Member of the U.S. House of Representatives from Tennessee
- In office March 4, 1887 – March 3, 1891
- Preceded by: John Goff Ballentine
- Succeeded by: Nicholas N. Cox
- Constituency: 7th district
- In office March 4, 1871 – March 3, 1883
- Preceded by: Samuel Mayes Arnell
- Succeeded by: John Goff Ballentine
- Constituency: 6th district (1871–1875) 7th district (1875–1883)

Member of the Tennessee House of Representatives
- In office 1859-1861

Member of the Tennessee Senate
- In office 1855-1858

Personal details
- Born: April 19, 1825 Marshall County, Tennessee, U.S.
- Died: September 21, 1891 (aged 66) Columbia, Tennessee, U.S.
- Party: Democratic

Military service
- Allegiance: Confederate States of America
- Branch/service: Confederate States Army
- Rank: Adjutant General

= Washington C. Whitthorne =

American politician (1825–1891)

Washington Curran Whitthorne (April 19, 1825 – September 21, 1891) was a Tennessee attorney, Democratic politician, and an adjutant general in the Confederate Army.

==Early life and career==
Whitthorne was born near Petersburg, Tennessee in Marshall County. One day when Whitthorne was young James K. Polk stayed at his family's home. Polk saw how bright he was and asked, "What are you going to make of this boy?" His father replied "I am going to make him the President of the United States." Polk then told them to send the boy to Columbia and he would make him a lawyer. He attended Campbell Academy in Lebanon, Tennessee and subsequently East Tennessee College (now the University of Tennessee) where he graduated in 1843. He subsequently studied law and was admitted to the bar in 1845, serving in various governmental positions, and working for James K. Polk until he entered private practice in 1848 in Columbia, Tennessee. He owned slaves.
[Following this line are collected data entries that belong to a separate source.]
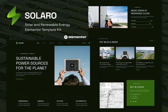 Solaro – Solar & Renewable Energy Elementor Template Kit
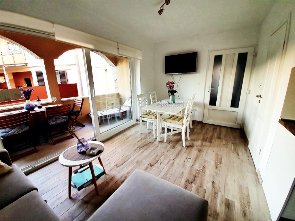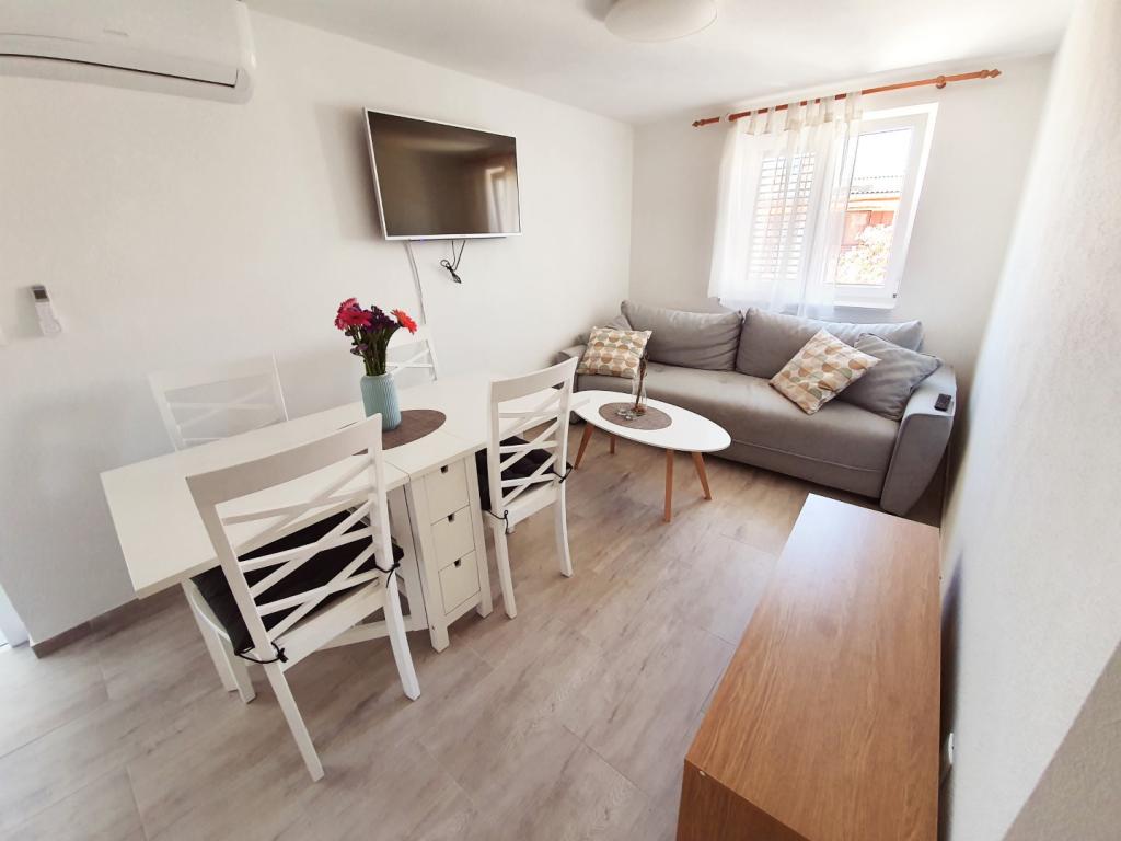 Goed uitgerust appartement. Grote koelkast, vaatwasser, oven en magnetron + alles wat je nodig hebt in de keuken Comfortabele bedden, schoon en netjes. De gastheren behulpzaam en erg aardig. Geweldig kontakt! Rustige omgeving en heerlijke vijgen binnen handbereik. Welkomstverrassing voor gasten. Een ideaal vertrekpunt voor uitstapjes naar Zadar, Trogir en Vodice of voor uitstapjes naar Kornati, Krka en anderen. Ik raad het prachtige eiland Murter aan met het prachtige strand van Riva Podvrške, op 25 minuten rijden met de auto. Ik raad het ten sterkste aan!
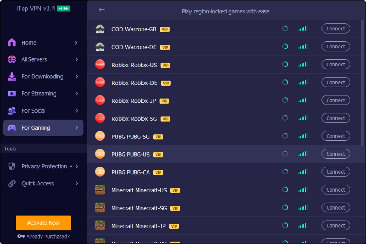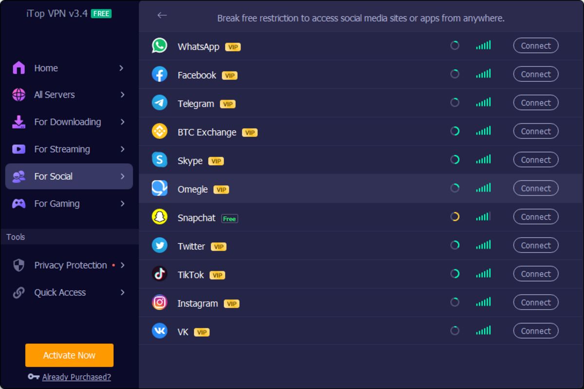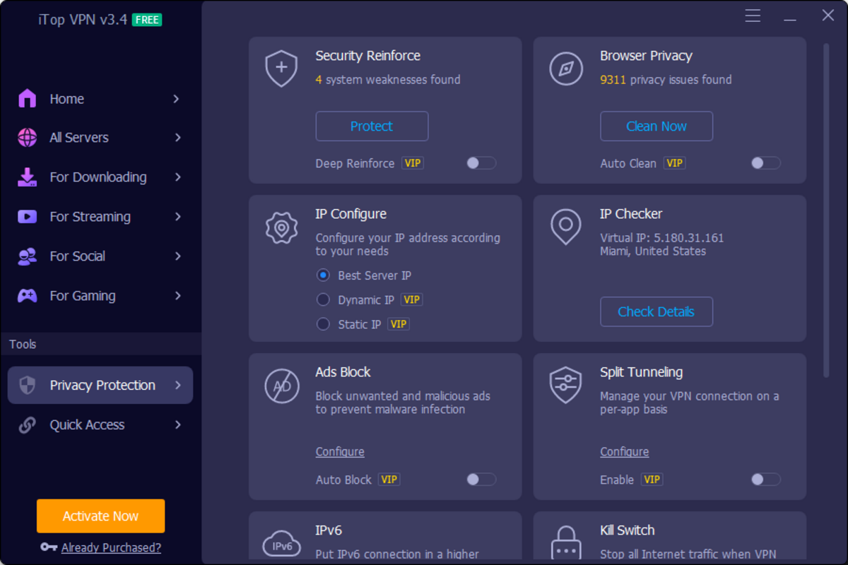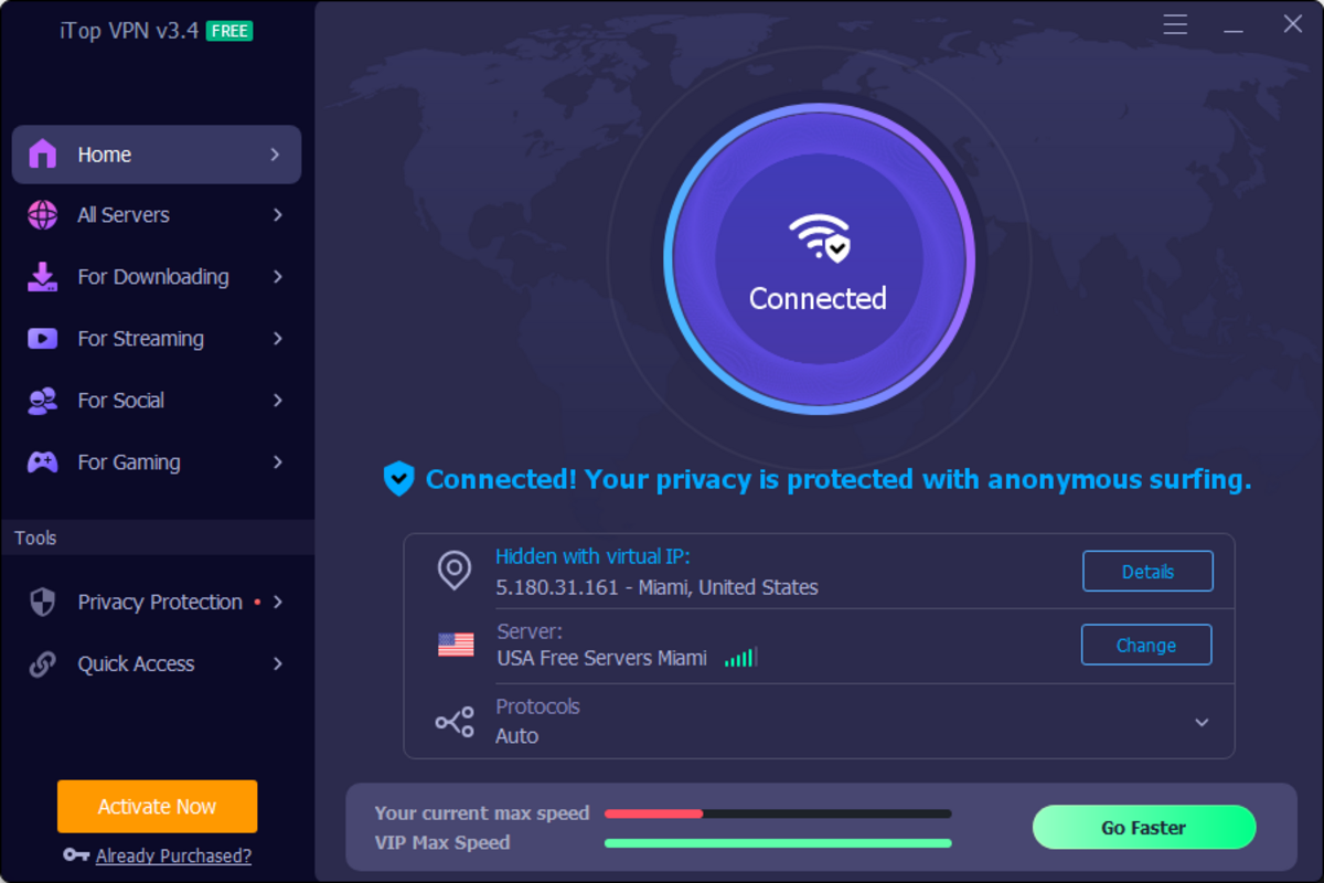 - 匿名性とプライバシー: iTop VPNはIPアドレスをマスクし、第三者によるオンライン活動の追跡を防止します:VPNは高速で安定した接続を提供し、シームレスなインターネットとストリーミング体験を保証します。

On July 4, 1848, Whitthorne married Matilda Jane Campbell, a cousin of Polk.

He was elected to serve in the Tennessee State Senate from 1855 to 1858. Whitthorne was then elected Speaker of the Tennessee House of Representatives from 1859 to 1861.

==Civil War service==
In 1861 he became Adjutant General of Tennessee for the Confederacy, and served in that post through the end of the Civil War. He also served on the staff of generals Robert Anderson, Marcus Joseph Wright, Samuel P. Carter, and William J. Hardee.

==Postbellum career==
After Lee had surrendered at Appomattox, Whitthorne was held as prisoner of war at Columbia in order to be shielded from Federal prosecution. President Andrew Johnson interceded, gave him a Presidential pardon, and restored his civil rights. In 1870, Whitthorne began a campaign for the United States House of Representatives. He won the election and would eventually serve six consecutive terms during his initial service in the House of Representatives, chairing the House Committee on Naval Affairs from 1875 to 1881.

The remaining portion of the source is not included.